Despite the promising results observed in this study, certain limitations should be acknowledged. Firstly, although the optimized hydrolysis conditions improved the functional properties of MBPH, factors such as batch-to-batch variability, protein source heterogeneity, and enzyme specificity could influence the reproducibility of results. Moreover, sensory properties—including flavor and odor, which are critical for consumer acceptance—were not evaluated and require further investigation. In terms of practical applications, MBPH exhibits desirable solubility and emulsifying properties, suggesting potential for use in plant-based beverages, meal replacements, and emulsified food systems. However, challenges related to product stability under varying pH and temperature conditions, as well as the scalability of enzymatic hydrolysis processes at the industrial level, must be addressed before commercial implementation.

4. Conclusions

This study successfully optimized the hydrolysis conditions for MBPH production, achieving an ideal Alcalase concentration of 5.88% and a hydrolysis time of 3.56 h. The optimized MBPH exhibited significantly improved solubility, emulsifying capacity, and antioxidant activity, highlighting its potential as a valuable functional ingredient for plant-based food systems. Additionally, a comparative analysis with MBPI confirmed structural modifications that contributed to the enhanced bioactivity of the hydrolysate.
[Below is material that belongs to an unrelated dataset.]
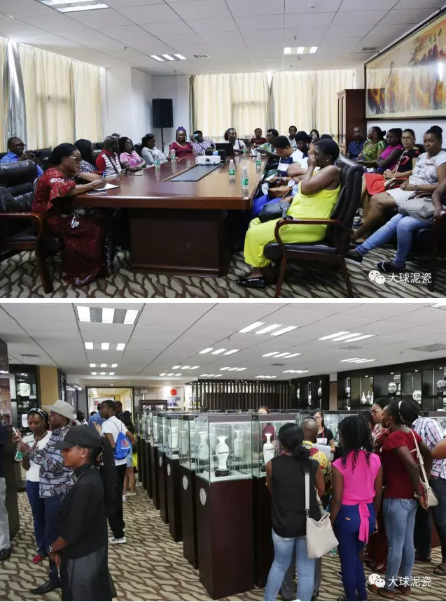 6月20日,大球泥瓷藝迎來(lái)了一批“特殊”的客人, 63名來(lái)自非洲婦女縫紉和刺繡技能培訓(xùn)班的學(xué)員們?cè)谑∩虅?wù)廳相關(guān)人員的陪同下到大球泥瓷藝進(jìn)行參觀交流,學(xué)習(xí)湖湘文化。

Importantly, the use of a moderate enzyme concentration demonstrated practical feasibility, as it produced high-quality hydrolysate without the need for excessive enzyme usage. Furthermore, earlier results suggest that even lower enzyme concentrations, such as 1%, may still offer acceptable functional properties, supporting the feasibility of enzyme reduction depending on specific industrial objectives. This strategy may help reduce production costs and enhance scalability in industrial applications. Future work should focus on incorporating MBPH into real food matrices, evaluating sensory attributes, and further optimizing enzyme usage to enhance commercial viability.